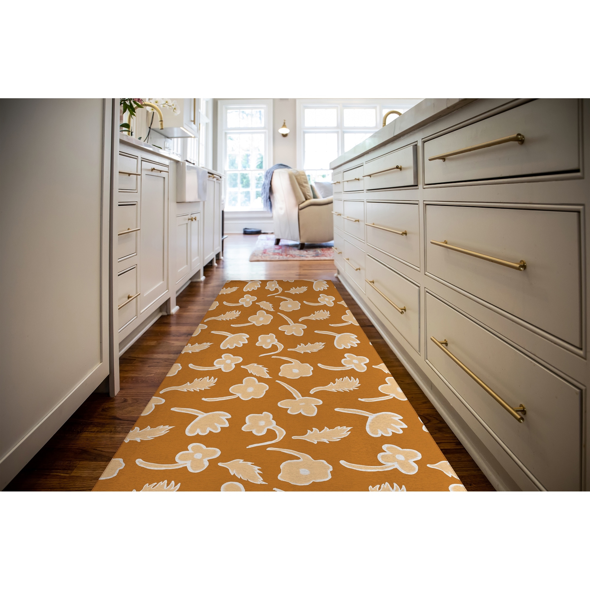 DELIA FLORAL BROWN Kitchen Mat By Becky Bailey
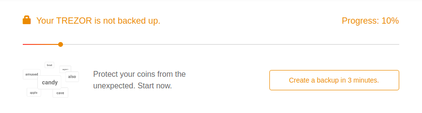 - Clique em "Criar um backup". Agora, Sua tela mostrará a semente de recuperação. anote todas as palavras corretamente no cartão de recuperação que acompanha o dispositivo. nunca armazene a semente de recuperação no seu computador, telefone celular ou qualquer armazenamento on -lDentroe, como dropbox, gdrive, etc.
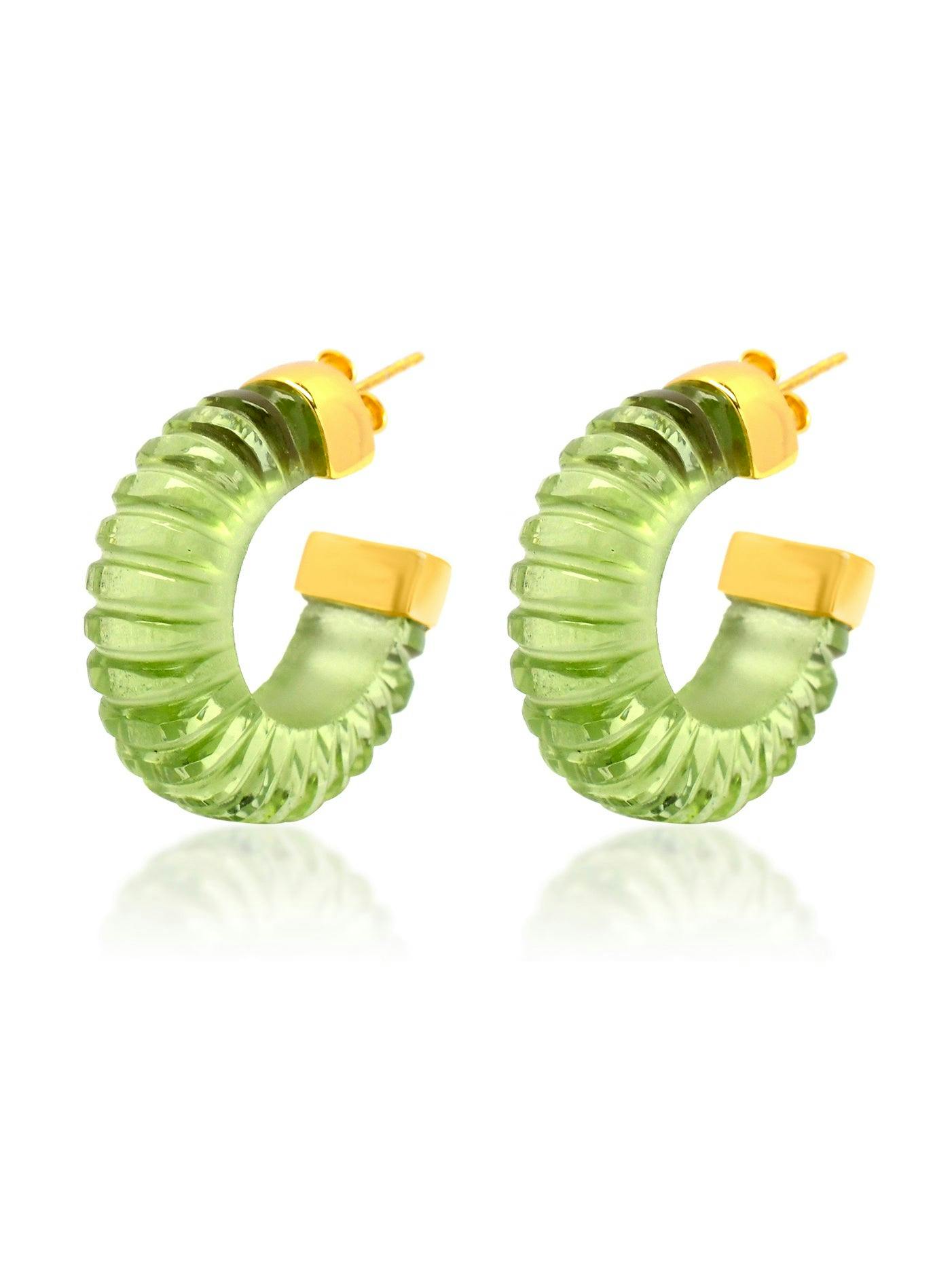 The Esme earrings are formed of specialised hand cut hydro glass. This modern handmade hoop earring has a thick gold tip at either side. The contrast with the colours and gold tips are stunning. They are the ideal style for everyday wear, finishing off any outfit elegantly. All metal is gold on sterling silver. All jewellery is hypoallergenic. All jewellery comes boxed with care cards.

## Required work
Copy the whole listing exactly, excluding the pictures in it.

## Solution for this problem
 DELIA FLORAL BROWN Kitchen Mat By Becky Bailey
 - Clique em "Criar um backup". Agora, Sua tela mostrará a semente de recuperação. anote todas as palavras corretamente no cartão de recuperação que acompanha o dispositivo. nunca armazene a semente de recuperação no seu computador, telefone celular ou qualquer armazenamento on -lDentroe, como dropbox, gdrive, etc.
 The Esme earrings are formed of specialised hand cut hydro glass. This modern handmade hoop earring has a thick gold tip at either side. The contrast with the colours and gold tips are stunning. They are the ideal style for everyday wear, finishing off any outfit elegantly. All metal is gold on sterling silver. All jewellery is hypoallergenic. All jewellery comes boxed with care cards.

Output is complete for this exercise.